Vice President for Research
Immersive experiences are becoming everyday reality at CIVIT, TUT’s Centre for Immersive Visual Technologies. The centre has been relocated to new state-of-the-art facilities that bring together a flexible infrastructure and research expertise that covers all the areas of immersive technology. The facilities are also available to companies.
“Immersive technology can be summed up in two words: realism and interaction,” describes Professor Atanas Gotchev.
“In addition to developing immersive technologies, we’re looking to understand human behaviour and perception. Researchers at TUT have in-depth signal processing expertise that covers, for example, sensor and compression technologies.”
Companies have the opportunity to come on board as CIVIT’s research partners or use the facilities in their own projects.
“For example, game developers are interested in our new motion capture studio. Others may need our 360-degree camera or a controlled environment for testing the user experience of audiovisual applications. We also have our own Omnideck, which for the first time allows users to literally take a walk in a virtual world.”
The Academy of Finland awarded Centre of Excellence (CoE) status to 12 research units for the years 2018–2025. TUT is involved in two of them: the Centre of Excellence in Inverse Modelling and Imaging, which continues to hold its long-term CoE status, and the new Centre of Excellence in Body-on-Chip Research located in BioMediTech, a joint institute between TUT and the University of Tampere.
BioMediTech has a long history of research collaboration in the field. The new CoE brings together expertise in biology and technology.
The goal is to create a new type of body-on-chip concept where cell cultures, blood vessels, and nerves are utilised to create networks of cell and tissue cultures that are based on stem cells. A computerised nervous system measures, analyses and controls the network system.
“Our research sheds light on tissue interactions, the in vitro construction of composite tissue and the operation management of composite tissue. The concept that combines biology with synthetic structures has much to give to research areas such as the development of medicinal substances,” Professor Minna Kellomäki says.
As the number of mobile devices is growing rapidly, we are approaching a point where the coverage of a single base station will have to reduced. This requires new technology and a dense network of new base stations that are smaller than their predecessors.

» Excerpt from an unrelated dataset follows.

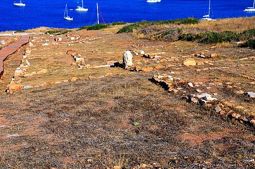 Below: Inside the fortification is a settlement, first found in 1907 by Valerios Staes. The main feature is a street, 3-3.60 m wide and 100 m in revealed length. On both sides of the main street narrower streets formed regular blocks of buildings. The settlement underwent several transformations, with the phase now visible belonging to the Hellenistic period. |

Researcher at TUT have developed a novel 5G radio transmitter in collaboration with Aalto University and Nokia Bell Labs. The 5G radio transmitter is almost completely digital, with the signal converted to the analogue form only at the final amplification stage. The new base stations will provide up to 20 times more bandwidth capacity.
“The new 5G base station transmitter opens up new opportunities for modifying and programming the transmitted signal. It will also improve signal quality,” says Mikko Valkama, Professor of Communications Engineering at TUT.

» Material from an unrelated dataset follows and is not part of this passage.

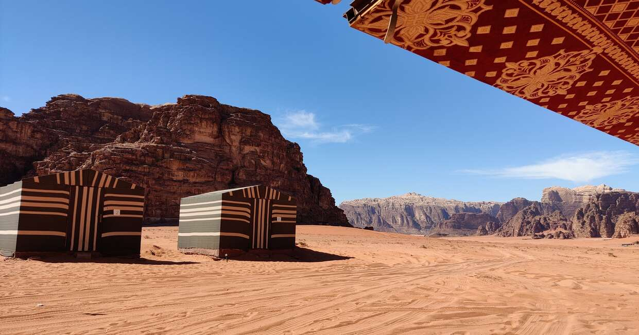 Tonight, we'll sleep in traditional Bedouin tents, crafted from goat hair which offers the best protection against the extreme desert climate. Each individual tent comes with rugs, mattresses, pillows, and blankets provided. There's a toilet and shower block at the end of the site.

TUT’s particular area of expertise in the multidisciplinary project was digital signal processing.
“Our University is one of the world’s leading hubs of expertise in signal processing for wideband radio transmitters and radio receivers,” says Valkama.
Unmanned and remotely controlled ships will be sailing the world’s oceans by the end of the next decade. Artificial intelligence is set to have a huge impact on the future of shipping. The development of new business models is also underway.
TUT provides high-quality education on automation engineering and produces a large number of qualified graduates who enter careers in the maritime industry. TUT’s strong research expertise in the field provides a solid foundation for education.
“The Finnish Centre of Excellence in Generic Intelligent Machines Research (GIM), which was established in 2005, has been but one source of excellent research in this field. Researchers at GIM have especially focused on research on autonomous mobile machines. The recently concluded Aawa project that was funded by Tekes under the Arctic Seas Programme explored autonomous machines in marine settings,” Professor Kalevi Huhtala says.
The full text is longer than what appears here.